You might think that with a poor appetite you would eat less and therefore lose weight, but chronic stress makes you gain weight because it both reduces your total Calorie expenditure and increases the amount of Calories that get stored as fat.
If we look at why this might happen in the wild, it makes sense. During starvation, you would conserve as much energy as possible, and then store whatever energy you could get in the most energy-dense form possible – fat.
Of course in our world with plentiful food, living under chronic stress just causes a shift towards increased fat storage, even in the face of a poor appetite (and increased cravings for energy-rich foods, aka junk foods).
If you’ve tried losing weight but “hit a wall” despite diligently tracking your Calories and not overeating, there’s a good chance that stress is the culprit. The same goes if you feel intense cravings to binge on energy-rich foods or have poor, slow digestion. If you feel like food sits in your stomach like a rock, it’s typically a sign of poor digestion.
Ideally when you eat, you should feel a healthy hunger for real food (much different than how a craving feels), you should not want to keep eating when your stomach is full, and the meal should be digested quickly.
I’ve been on both sides of this.
In the stressed state when you’re low on the spectrum of health, you feel heavy and slow, and gain fat incredibly easily. But in the non-stressed state when you’re high on the spectrum of health, you feel light and agile, and can eat huge meals throughout the day without gaining any weight at all.
The solution to this is obvious: Lower your stress levels.
This often requires eating more food, which many dieters are reluctant to do. But if you focus on things like body temperature and the other markers of stress, you can slowly raise your food intake to reduce stress without gaining weight.
This is especially true for your carb intake, as your body is less adapted to eat carbs if you’ve been avoiding them for some time. Raise them to help reduce stress, but do it gradually.
Personally, I find that weight loss is completely effortless when my temperature is high, but next to impossible in a low temperature state, when under chronic stress.

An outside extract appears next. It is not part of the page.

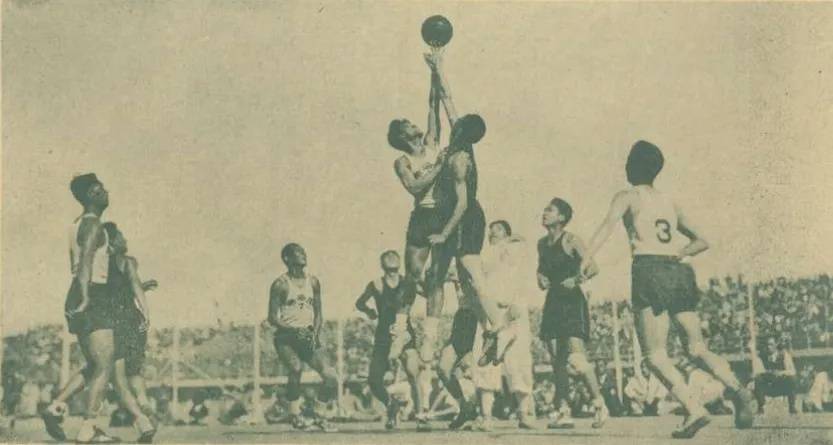 1933年10月在南京举行旧中国第五届全运会,男篮比赛经过数日淘汰赛后,产生上海、河北、广东、南京四个队参加半决赛。决赛时,河北队以49:30胜上海队,上海仍为亚军。

End Stress Before It Ends You
Our bodies have adapted to handle stresses like escaping danger and dealing with famines, but not to the constant barrage of stress that happens in our modern lives.
This same stress system that helps us survive in the wild is now tearing us down when we allow ourselves to be chronically exposed to stresses from the environment, from our food, from our actions, from our friends and family, and even from our own minds.
It’s become so common that we’ve gotten used to living in this stressed state, as our bodies’ are continuing to be torn down.
That’s why these signs of hidden stress are so important.
Keep an eye out for:
- Cold Extremities
- Poor Body Temperature Patterns
- Dysregulated Sleep
- Brain Fog & Concentration Issues
- Poor Appetite & Weight Gain
The more aware of them you can become, the more power you have to stop them and fix the problem before it gets worse.